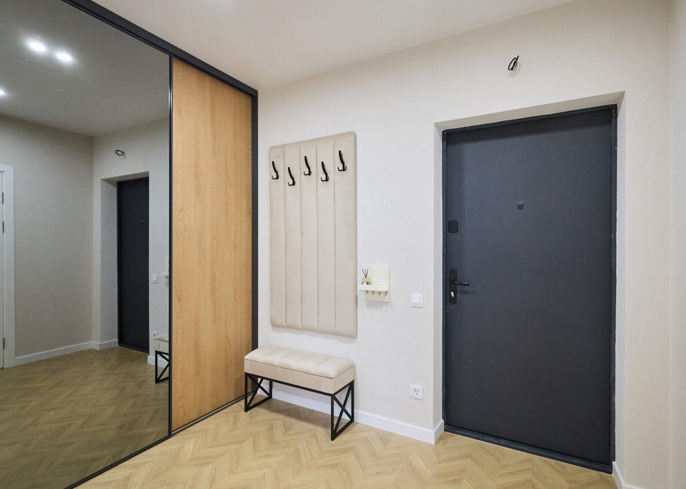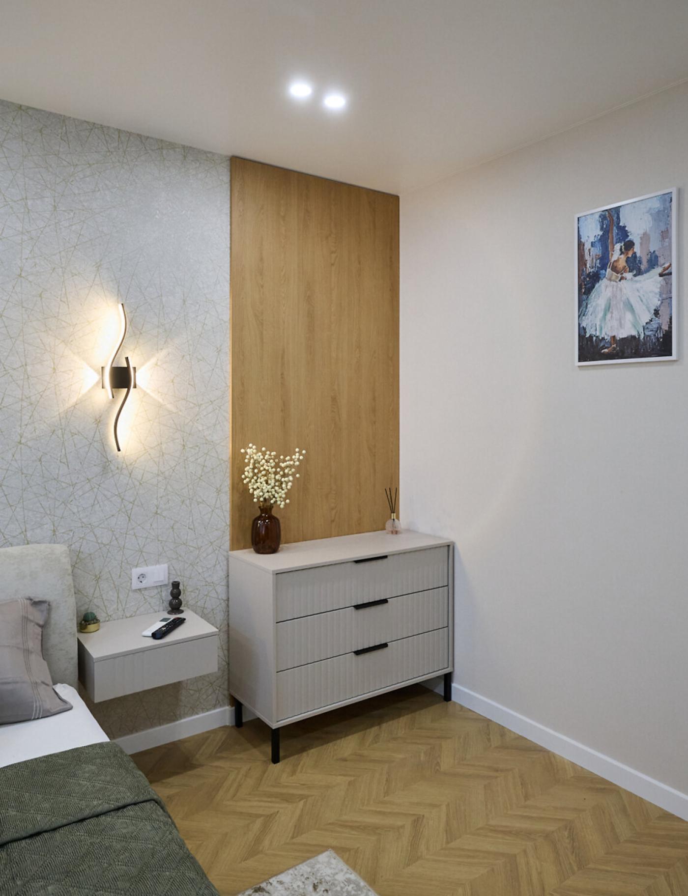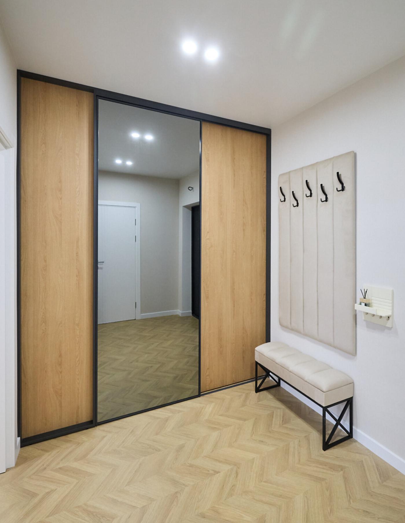 Квартира площею 49м2 має продумане планування: простора кухня-вітальня 18м2, окрема гардеробна кімната та засклений балкон.
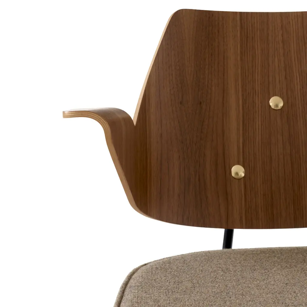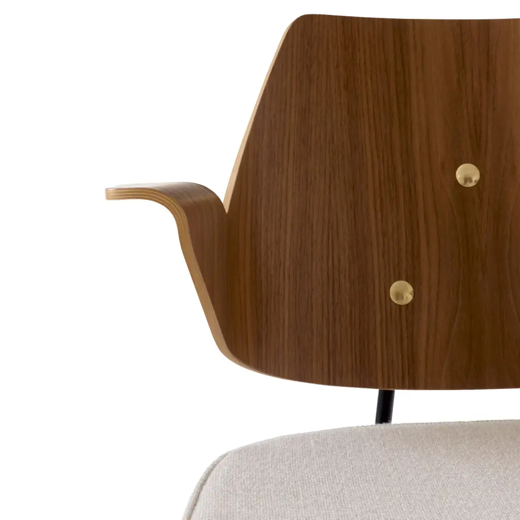 Originally created to seat visitors in the dining rooms of the Royal Festival Hall, the RFH Armchair by Robin Day is characterized by the softly curved backrest and outwardly reaching arms. Rich in materiality, the chair's striking form is achieved through a process of form-press moulding layers of beech and walnut veneer.
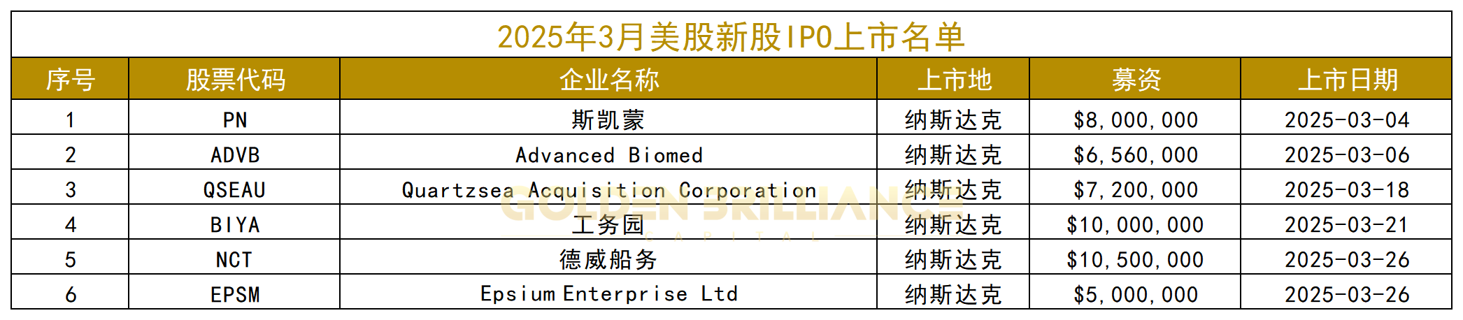 美股IPO动态|2025年3月美股IPO上市情况汇总
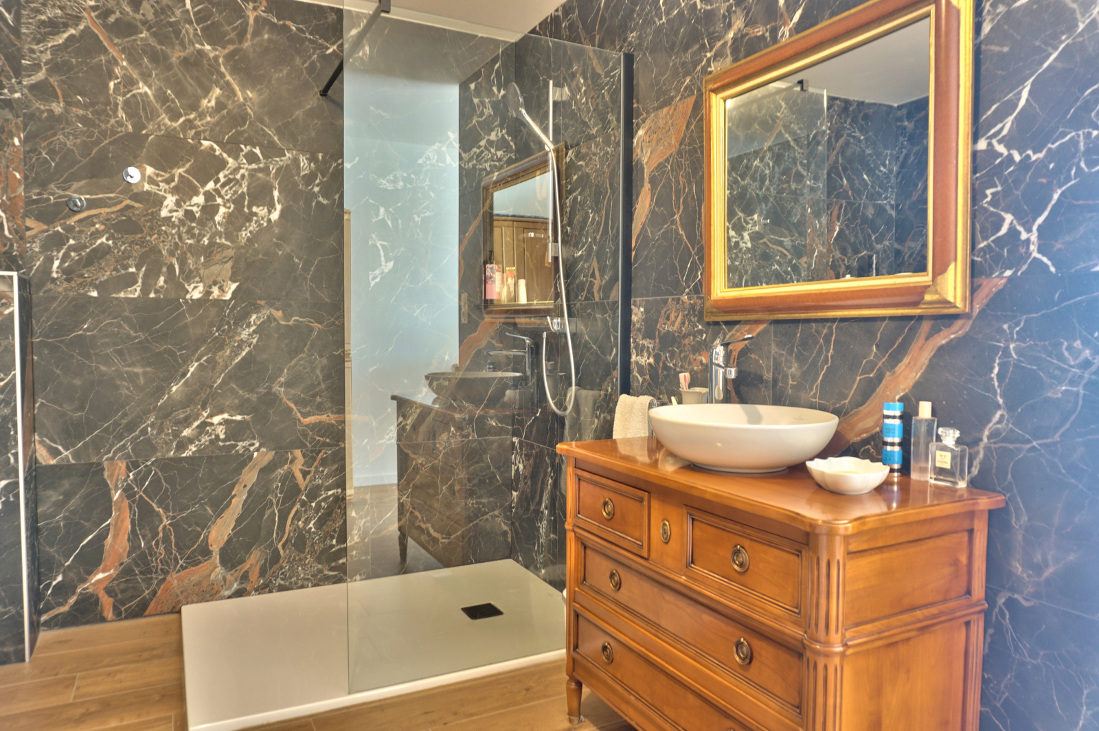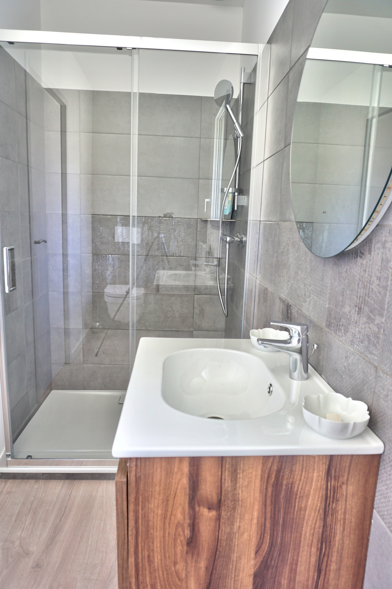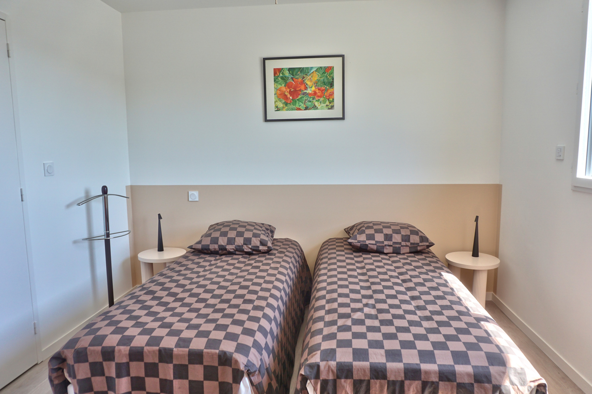 Deuxième étage : Palier desservant 2 chambres, chacune avec salle d’eau et WC privatifs.
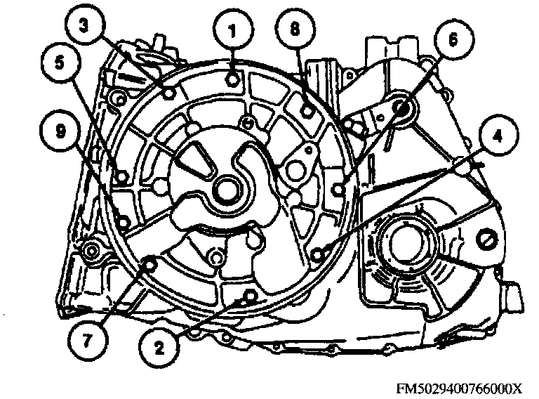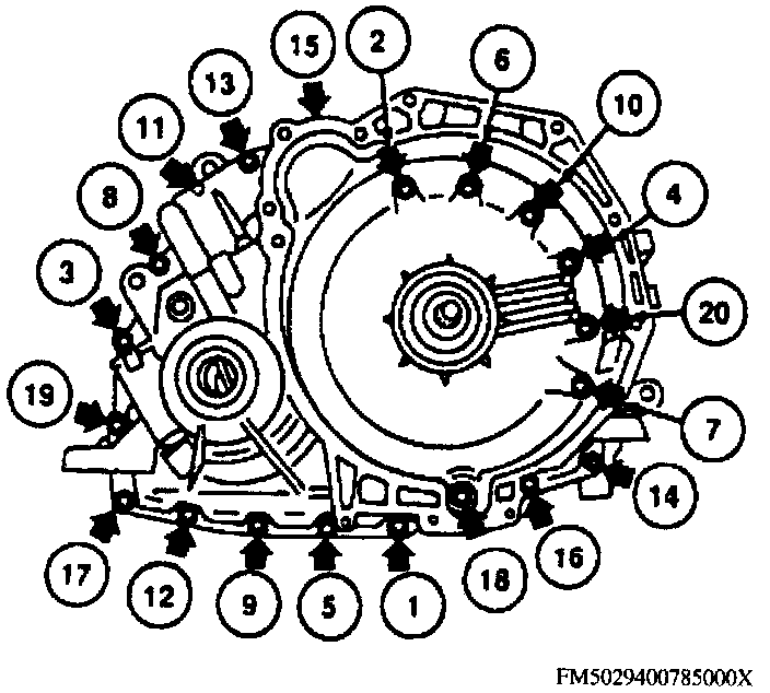 Converter Housing To Transaxle Case Bolt Tightening Sequence:

• • • •

Your copy should hold only the lines running from the one that contains "Deuxième étage : Palier" through the final line of the data; transcribe them exactly, both ends included, and leave pictures out.

» ANSWER
 Deuxième étage : Palier desservant 2 chambres, chacune avec salle d’eau et WC privatifs.
 Converter Housing To Transaxle Case Bolt Tightening Sequence:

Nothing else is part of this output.